In the entries below, begin at the line that has "VILLABONA ▶ Jesusen", stop after the line that has "บริเวณลานหลวงปู่และพระวิษณุกรรม", and output those lines exactly with no pictures.
═══ Data for this task
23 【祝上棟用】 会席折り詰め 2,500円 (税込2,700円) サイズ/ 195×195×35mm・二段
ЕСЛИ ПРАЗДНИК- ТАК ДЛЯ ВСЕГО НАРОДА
══════
═══ Data for this task
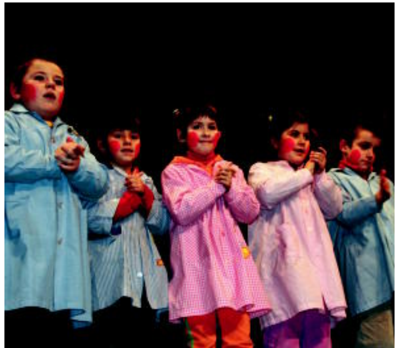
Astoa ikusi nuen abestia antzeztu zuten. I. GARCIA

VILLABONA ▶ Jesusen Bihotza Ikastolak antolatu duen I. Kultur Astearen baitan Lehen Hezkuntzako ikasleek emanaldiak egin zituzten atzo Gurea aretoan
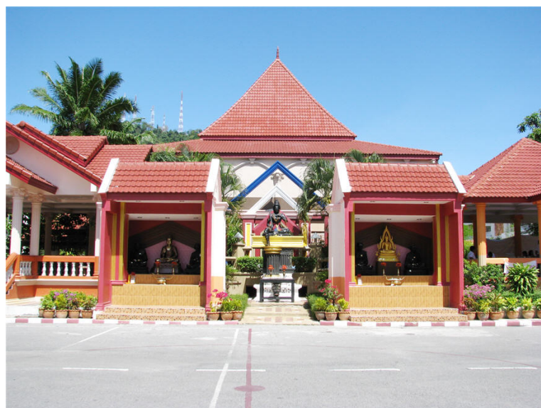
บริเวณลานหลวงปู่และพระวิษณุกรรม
══════
> _Answer box_
VILLABONA ▶ Jesusen Bihotza Ikastolak antolatu duen I. Kultur Astearen baitan Lehen Hezkuntzako ikasleek emanaldiak egin zituzten atzo Gurea aretoan
บริเวณลานหลวงปู่และพระวิษณุกรรม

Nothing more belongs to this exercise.